Exhibit 1: Self-talk patterns Fostering a growth mindset

Though we think things will change by first altering our behaviors, this is like taking care of a plant by massaging the leaves, rather than looking at the soil and roots. Like the soil and roots, behavior redirection starts with an evaluation of mindset and beliefs and working to evaluate personal mindset before acting. In this self-study, we will be evaluating three inner voices that influence our attitudes and behaviors. Some of these voices are very positive and encouraging, others are negative and disparaging. By choosing which inner voice we follow more, we can alter who we listen to and ultimately start redirecting to more positive voices.

The three inner voices

"Sometimes your biggest critic is you"

Inner Critic

Definition: The Inner Critic judges self, blames self, complains about self, and demeans self. Its positive intention is to protect self from failure, but the actual result is either a partial attempt or no attempt at all.

"Sometimes it feels like the problem is everyone but you"

Inner Defender:

Definition: The Inner Defender judges others, then blames them before self-assessment takes place. Once blaming an external takes place, complaining about the external and demeaning the external replaces problem-solving and escape occurs. Its positive intention seems to be fending off criticism and punishment from others.

"Honest self-reflection is key"

Inner Guide:

Definition: The Inner Guide offers an objective and wise perspective about ourselves and others.

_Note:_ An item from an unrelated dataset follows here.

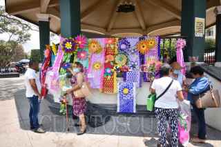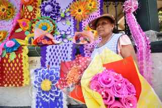 CHILPANCINGO, GUERRERO, 09MAYO2023.- Como cada año, desde hace 30 años, la señora Silvia Román elabora cortinas de papel picado para venderlas en el zócalo de la capital del estado de Guerrero en el día de las Madres. Ella es la tercera generación en su familia que se dedica a la elaboración de piñatas y cortinas, sus hijas se convertirán en la cuarta generación en este oficio. La señora Silvia Román, es originaria de Iguala de la Independencia, pero radicada en Chilpancingo desde hace más de 30 años y se dedica a hacer cortinas de papel. Relato que fueron sus abuelos los que empezaron con la elaboración de piñatas hace más de 50 años en la ciudad tamarindera, quienes les enseñaron este arte a sus hijos, entre ellos sus padres y de ahí le toco a ella, a sus hermanos y sus primos continuar con esta labor, que se ha venido heredando de generación en generación. Recordó que fue hace poco más de 40 años que llego, muy joven, a la ciudad de Chilpancingo, donde se caso y tuvo a sus hijos, además de que continuo con su trabajo de elaboración de piñatas y que hasta la fecha lo sigue haciendo. Señala que fue en un curso donde aprendió también a hacer las cortinas de papel crepé y ahí vio una nueva fuente de ingresos para ella y su familia. FOTO: DASSAEV TÉLLEZ ADAME/CUARTOSCURO.COM
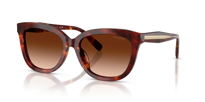Elevate your everyday style with the Coach HC8453U CDP53 sunglasses. These Coach sunglasses feature square frames crafted from tortoise acetate, exuding a modern and structured elegance. Brown gradient lenses provide effortless sophistication while blending beautifully with the rich tones of the design. The temples feature luxurious bi-layer acetate detailing and a shiny light gold metal core wire, adding a touch of New York-inspired luxury. Perfect for all-day wear, these sunglasses with a universal fit are a must-have.

It doesn’t self-demean; it doesn’t attack. Our inner guide tells us the absolute truth and allows us to be more conscious of reality, other people, and ourselves.

Reflection:

If I were to summarize my default inner voices, I'd say it's two part tragedy starting with inner-defender followed by inner-critic. My folks once told me "A small minded individual blames other people, and average minded individual blames entropy of circumstance, and a high minded person asks what can be solved". To say the least, my mindset has always been a walking tour through the first two. When the world fails to deliver on my expectations, the first man I vilify is always myself, and over time, the only man to blame is myself. But instead of working through a solution, I typically fall into the trap of self-loathing. This is also a pretty bad trap to fall into; self-loathing in a sense, is just another way to rationalize why the only outcome was failure. If I can convince myself i'm incompetent, then I have no reason to believe there was ever a positive outcome

"I failed because my teacher is incompetent" or "I failed because I am incompetent"

The inner voice that always gets conveniently left out is inner-guide; or an honest evaluation of our failures and potential solutions. When I'd failed a test, I'd usually blame the curriculum, and then myself, and the then that would be the end. What I should be doing, is asking questions.

"Why did I fail"

"-and how can fix this?"

By asking and exploring these simple ideas, I can start to see positive growth through failure, and potentially increase odds of success.